- Exercise description: An exact transcription of every entry is required. Images are not part of it.

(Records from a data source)
============
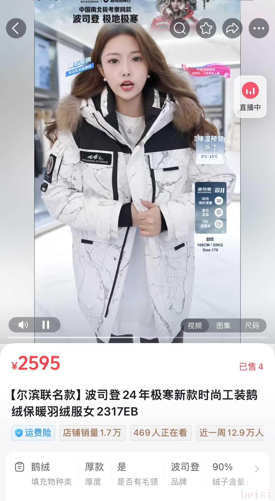 目前,在抖音平台上,由苏州波司登电子商务科技有限公司运营的波司登哈尔滨专卖店,已经上架了一款“尔滨&波司登”联名产品,该产品设计延续了波司登“王牌”产品极寒系列的设计。与非联名极寒系列产品相比,联名产品结合了哈尔滨城市路网图、松花江和黑龙江地形图等本土元素,臂章上面有红色尔滨字样,材料科技也有所升级,销售价格为2595元/件。
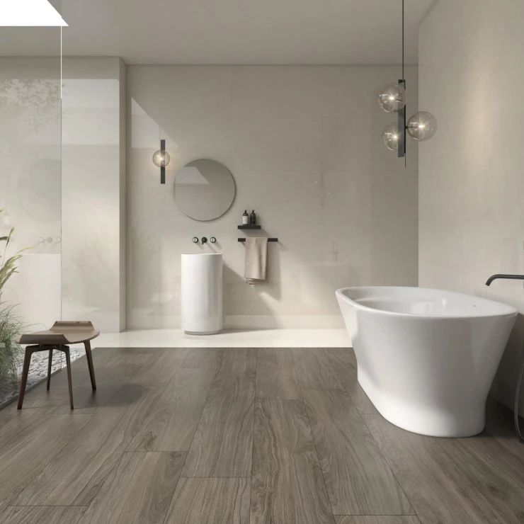 Kollektionen finns i rektifierade format 20×120 cm, 25×150 cm, 30×180 cm och 120×280 cm, vilket gör det enkelt att skapa enhetliga och eleganta ytor från golv till vägg.
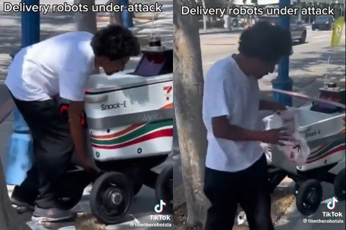 심지어 배달 로봇을 약탈하거나 로봇 위에 올라타는 이들도 있는데요.
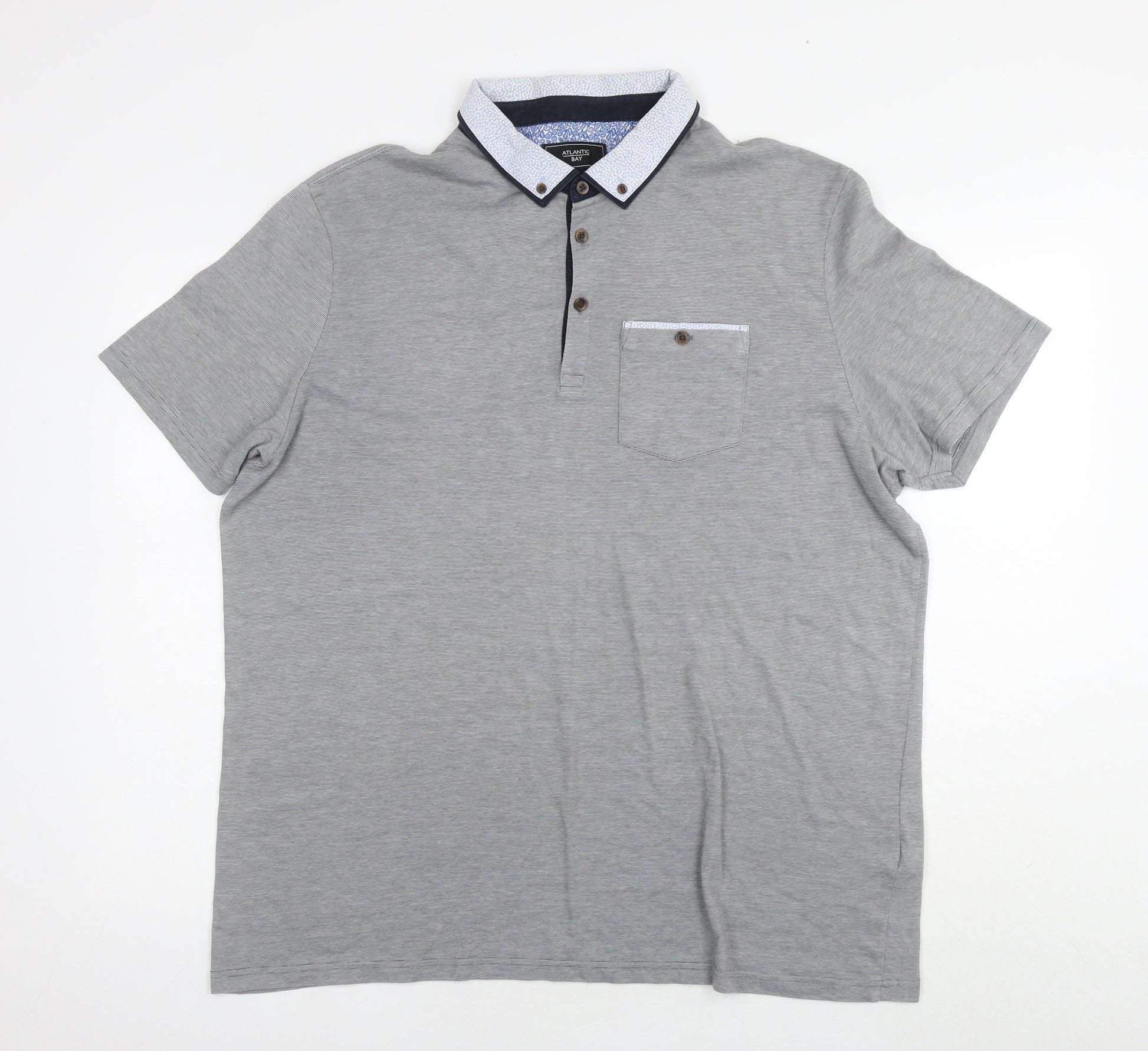 Atlantic Bay Mens Grey Cotton Polo Size XL Collared Pullover
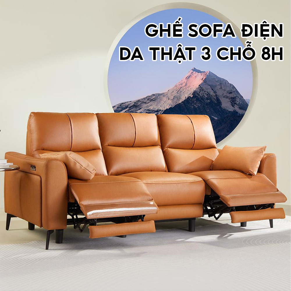 Ghế sofa điện 3 chỗ 8H được làm từ chất liệu da bò thật chất lượng cao của Ý cùng 2 vị trí kê chân tiện lợi sẽ mang lại những giây phút thư giãn, nghỉ ngơi thoải mái nhất cho bạn và gia đình.
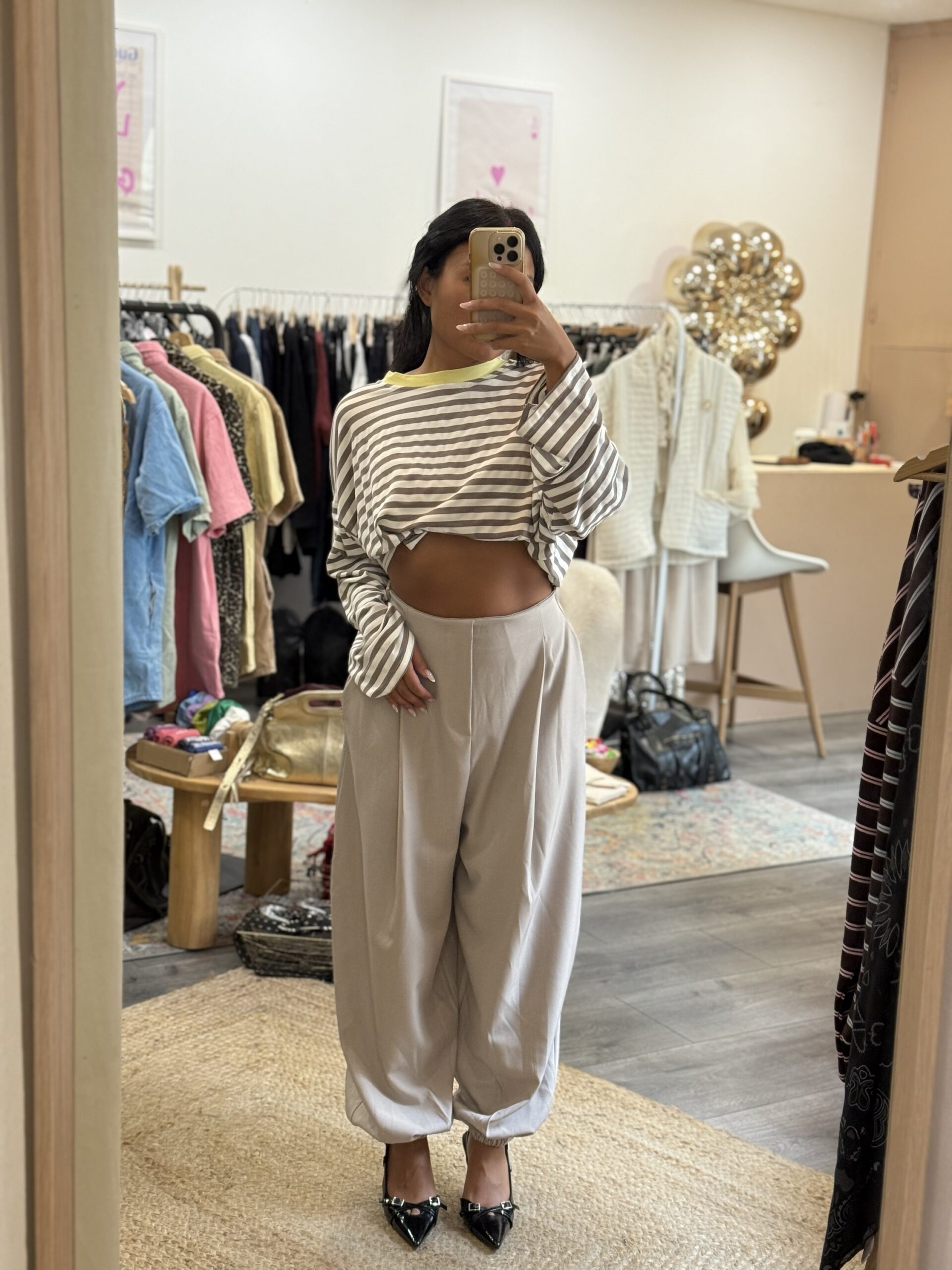 Pantalon style tailleur à la coupe élégante, resserré aux chevilles pour une silhouette moderne et structurée. Confortable et facile à porter, il apporte une touche chic à toutes vos tenues, du bureau aux sorties.
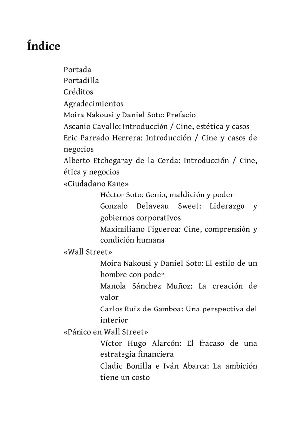 El libro analiza e interpreta las 15 mejores películas sobre negocios de todos los tiempos y las emplea como casos de estudio cubriendo una amplia gama de temas como: liderazgo, emprendimiento, gobiernos corporativos, perfiles criminales, diseño de productos, valoración de activos, psicología organizacional, innovación, estrategias de marketing y ventas, contratos financieros, negocios internacionales y derechos humanos, entre muchos otros. Es así como es posible encontrar un detallado análisis a las películas Ciudadano Kane de Orson Welles, Wall Street de Oliver Stone, Pánico en Wall Street de Glenn Jordan, Recursos Humanos de Laurent Cantet, El método de Marcelo Piñeyro, Okuribito de Yojiro Takita, El desinfomante de Stevenn Soderbergh, La familia Jones de Derrick Borte, Red social de David Fincher, Too big to fail de Curtis Hanson, La pesca de salmón en Yemen de Lasse Hallström, Margin Call de J.C. Chandor, No de Pablo Larraín, Jobs de Joshua Michael Stern y El lobo de Wall Street de Martin Scorsese.
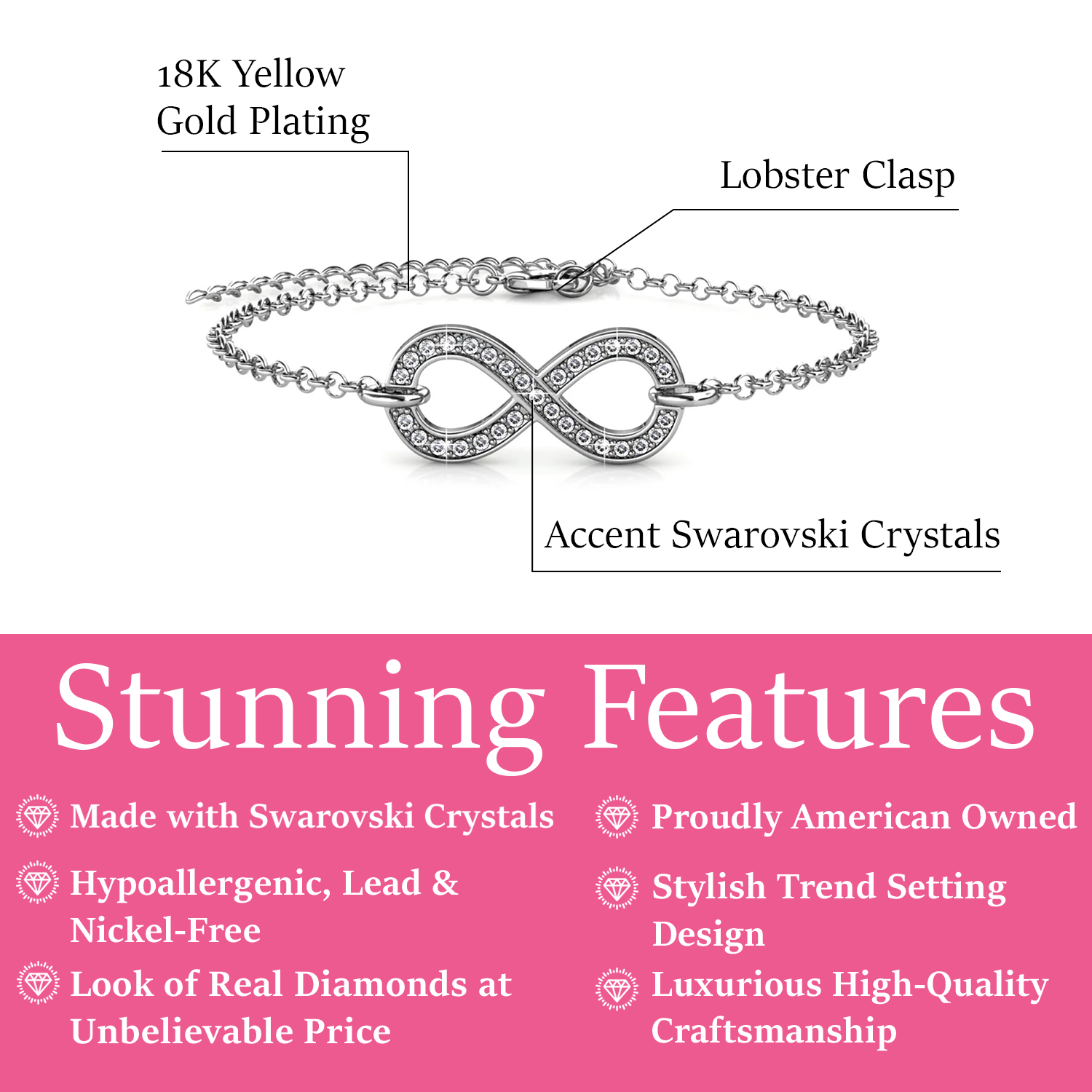 Materials: Crafted in 18k White Gold Plated brass. Set with 31 round-cut Swarovski crystals. Closure: Lobster claw. Hypoallergenic, lead-free, nickel-free. Includes C&C branded jewelry gift box.
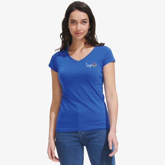 Le tee-shirt Moon en coton semi-peigné convient à un usage quotidien. Sa coupe cintrée et son col V avec bord côte élasthanne assurent un ajustement près du corps, avec bande de propreté au col. Adapté à la personnalisation.
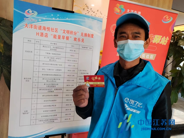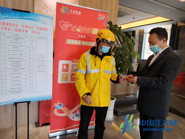 中国江苏网10月27日盐城讯 为激励辖区外卖、快递、网约车司机等从业人员讲奉献有作为,近日,盐城市亭湖区大洋街道海悦社区新时代文明实践站携手辖区H酒店正式推出“文明积分”兑换“能量早餐”活动。
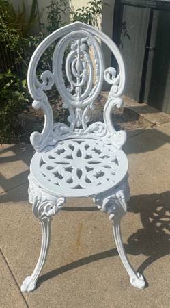 Vintage Victorian Style White Cast Iron Fancy Garden Chair -...
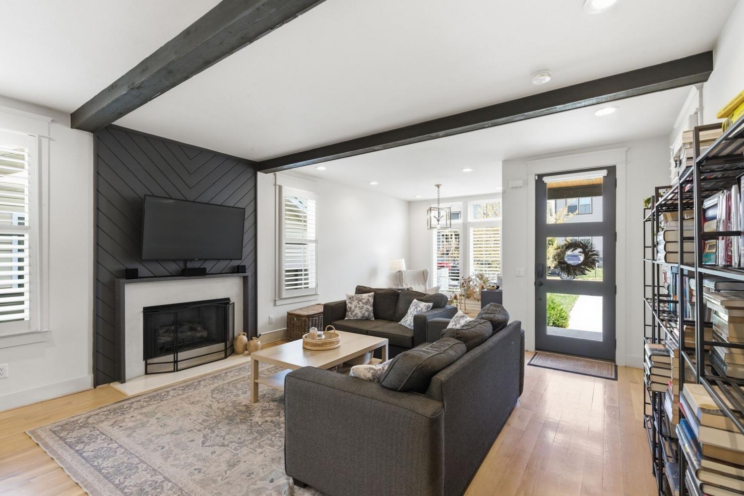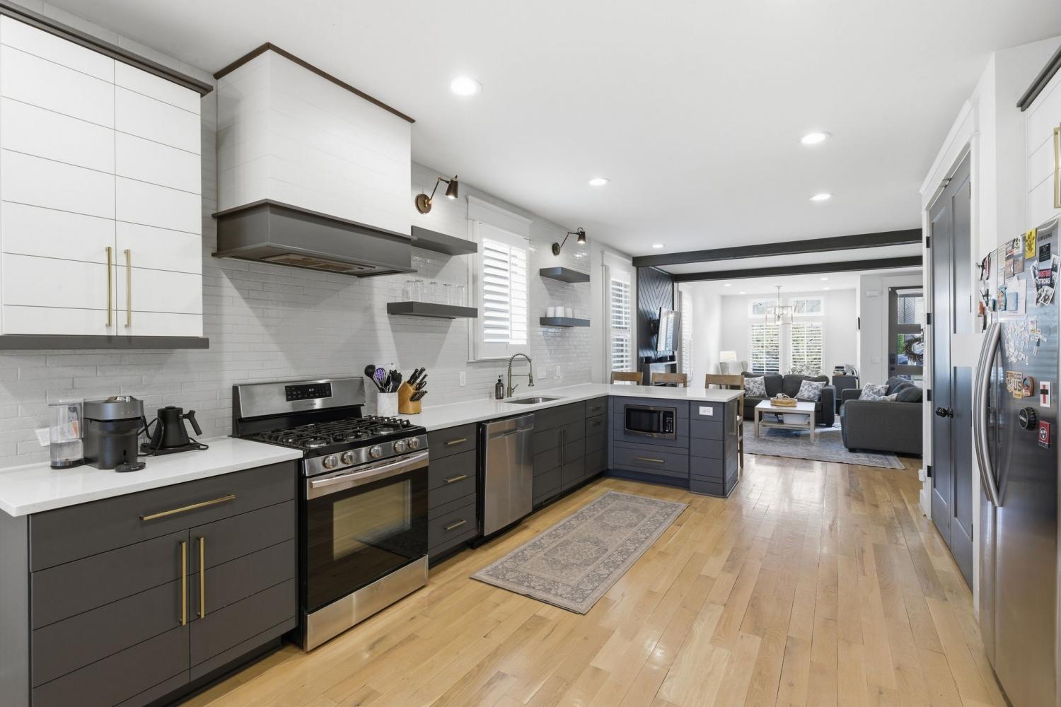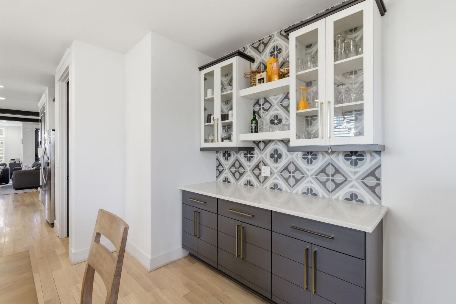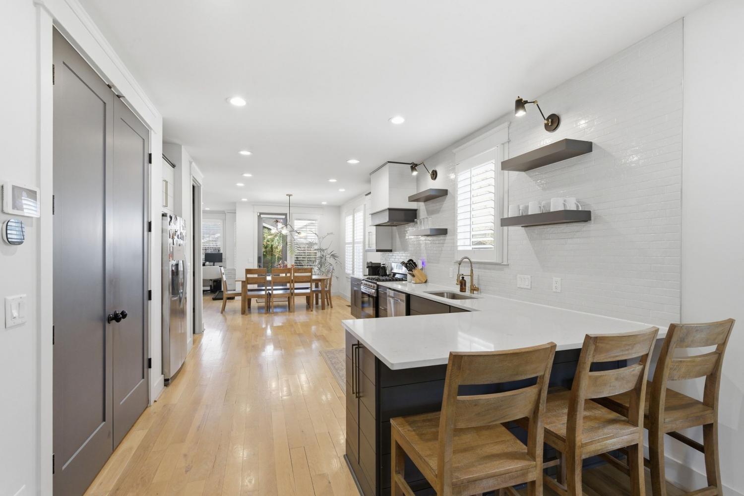 Step into a home where clean design meets everyday comfort in the heart of The Nations. Wide-plank hardwood floors, custom builder trim, and plantation shutters set the tone, while natural light fills every space. The Living Room features a cozy reading nook space, and a designer wall surrounding the gas fireplace. The kitchen features quartz countertops, custom cabinetry, designer hardware, and a stylish eat-at counter that flows seamlessly into the dining and living areas—perfect for entertaining or relaxed daily living. The huge pantry offers extra storage under the stairs. The dining room has a custom wet-bar/coffee bar area and a built-in desk for a home office. Upstairs, the vaulted primary suite offers a true retreat with a skylight and full sliding doors that open to a spacious balcony. The ensuite bath includes dual vanities, a beautifully tiled walk-in shower, and a spacious walk-in closet with custom built-ins. The other two upstairs bedrooms share a jack-and-jill bath and custom closets. The 3rd BR has vaulted ceilings and makes a great extra office space or guest bedroom. The laundry room is also conveniently located on the 2nd level - washer & dryer are included. Enjoy a fully fenced yard, plus the convenience of a garage/carport setup. Located just minutes from all that The Nations has to offer—local favorites like Frothy Monkey, 51st Deli, and easy access to parks, shopping, and downtown Nashville.
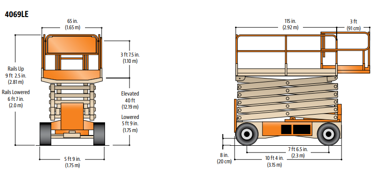 40 ft / 12.19 m800 lb / 362.87 kg5 ft 9 in. / 1.75 m
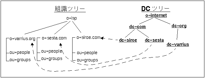 コード例 2-9 ドメイン 別名の作成 dn: dc=florizel, dc=com, o=internet objectclass: alias objectclass: inetDomainAlias aliasedObjectName: dc=sesta, dc=com, o=internet dc: florizel
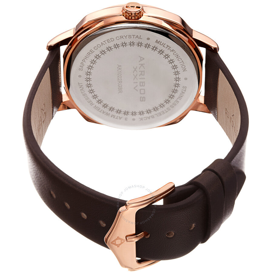 Rose gold-tone composite metal case with a brown leather strap. Fixed rose gold-tone bezel. Blue dial with luminous rose gold-tone hands and index hour markers. Arabic numeral minute markers (at 5 minute intervals). Minute markers around the outer rim. Dial Type: Analog. Luminescent hands. Date display at the 6 o'clock position. Two multi-function sub-dials displaying: date and 24 hour. Quartz movement. Scratch resistant mineral crystal. Pull / push crown. Solid case back. Cushion case shape. Case size: 42 mm. Case thickness: 11 mm. Band width: 20 mm. Band length: 8 inches. Tang clasp. Water resistant at 30 meters / 100 feet. Functions: GMT, second time zone, date, hour, minute, second. Fashion watch style. Akribos XXIV Quartz Blue Dial Brown Leather Men's Watch AK1022RGBR.
============
- Written response:
 目前,在抖音平台上,由苏州波司登电子商务科技有限公司运营的波司登哈尔滨专卖店,已经上架了一款“尔滨&波司登”联名产品,该产品设计延续了波司登“王牌”产品极寒系列的设计。与非联名极寒系列产品相比,联名产品结合了哈尔滨城市路网图、松花江和黑龙江地形图等本土元素,臂章上面有红色尔滨字样,材料科技也有所升级,销售价格为2595元/件。
 Kollektionen finns i rektifierade format 20×120 cm, 25×150 cm, 30×180 cm och 120×280 cm, vilket gör det enkelt att skapa enhetliga och eleganta ytor från golv till vägg.
 심지어 배달 로봇을 약탈하거나 로봇 위에 올라타는 이들도 있는데요.
 Atlantic Bay Mens Grey Cotton Polo Size XL Collared Pullover
 Ghế sofa điện 3 chỗ 8H được làm từ chất liệu da bò thật chất lượng cao của Ý cùng 2 vị trí kê chân tiện lợi sẽ mang lại những giây phút thư giãn, nghỉ ngơi thoải mái nhất cho bạn và gia đình.
 Pantalon style tailleur à la coupe élégante, resserré aux chevilles pour une silhouette moderne et structurée. Confortable et facile à porter, il apporte une touche chic à toutes vos tenues, du bureau aux sorties.
 El libro analiza e interpreta las 15 mejores películas sobre negocios de todos los tiempos y las emplea como casos de estudio cubriendo una amplia gama de temas como: liderazgo, emprendimiento, gobiernos corporativos, perfiles criminales, diseño de productos, valoración de activos, psicología organizacional, innovación, estrategias de marketing y ventas, contratos financieros, negocios internacionales y derechos humanos, entre muchos otros. Es así como es posible encontrar un detallado análisis a las películas Ciudadano Kane de Orson Welles, Wall Street de Oliver Stone, Pánico en Wall Street de Glenn Jordan, Recursos Humanos de Laurent Cantet, El método de Marcelo Piñeyro, Okuribito de Yojiro Takita, El desinfomante de Stevenn Soderbergh, La familia Jones de Derrick Borte, Red social de David Fincher, Too big to fail de Curtis Hanson, La pesca de salmón en Yemen de Lasse Hallström, Margin Call de J.C. Chandor, No de Pablo Larraín, Jobs de Joshua Michael Stern y El lobo de Wall Street de Martin Scorsese.
 Materials: Crafted in 18k White Gold Plated brass. Set with 31 round-cut Swarovski crystals. Closure: Lobster claw. Hypoallergenic, lead-free, nickel-free. Includes C&C branded jewelry gift box.
 Le tee-shirt Moon en coton semi-peigné convient à un usage quotidien. Sa coupe cintrée et son col V avec bord côte élasthanne assurent un ajustement près du corps, avec bande de propreté au col. Adapté à la personnalisation.
 中国江苏网10月27日盐城讯 为激励辖区外卖、快递、网约车司机等从业人员讲奉献有作为,近日,盐城市亭湖区大洋街道海悦社区新时代文明实践站携手辖区H酒店正式推出“文明积分”兑换“能量早餐”活动。
 Vintage Victorian Style White Cast Iron Fancy Garden Chair -...
 Step into a home where clean design meets everyday comfort in the heart of The Nations. Wide-plank hardwood floors, custom builder trim, and plantation shutters set the tone, while natural light fills every space. The Living Room features a cozy reading nook space, and a designer wall surrounding the gas fireplace. The kitchen features quartz countertops, custom cabinetry, designer hardware, and a stylish eat-at counter that flows seamlessly into the dining and living areas—perfect for entertaining or relaxed daily living. The huge pantry offers extra storage under the stairs. The dining room has a custom wet-bar/coffee bar area and a built-in desk for a home office. Upstairs, the vaulted primary suite offers a true retreat with a skylight and full sliding doors that open to a spacious balcony. The ensuite bath includes dual vanities, a beautifully tiled walk-in shower, and a spacious walk-in closet with custom built-ins. The other two upstairs bedrooms share a jack-and-jill bath and custom closets. The 3rd BR has vaulted ceilings and makes a great extra office space or guest bedroom. The laundry room is also conveniently located on the 2nd level - washer & dryer are included. Enjoy a fully fenced yard, plus the convenience of a garage/carport setup. Located just minutes from all that The Nations has to offer—local favorites like Frothy Monkey, 51st Deli, and easy access to parks, shopping, and downtown Nashville.
 40 ft / 12.19 m800 lb / 362.87 kg5 ft 9 in. / 1.75 m
 コード例 2-9 ドメイン 別名の作成 dn: dc=florizel, dc=com, o=internet objectclass: alias objectclass: inetDomainAlias aliasedObjectName: dc=sesta, dc=com, o=internet dc: florizel
 Rose gold-tone composite metal case with a brown leather strap. Fixed rose gold-tone bezel. Blue dial with luminous rose gold-tone hands and index hour markers. Arabic numeral minute markers (at 5 minute intervals). Minute markers around the outer rim. Dial Type: Analog. Luminescent hands. Date display at the 6 o'clock position. Two multi-function sub-dials displaying: date and 24 hour. Quartz movement. Scratch resistant mineral crystal. Pull / push crown. Solid case back. Cushion case shape. Case size: 42 mm. Case thickness: 11 mm. Band width: 20 mm. Band length: 8 inches. Tang clasp. Water resistant at 30 meters / 100 feet. Functions: GMT, second time zone, date, hour, minute, second. Fashion watch style. Akribos XXIV Quartz Blue Dial Brown Leather Men's Watch AK1022RGBR.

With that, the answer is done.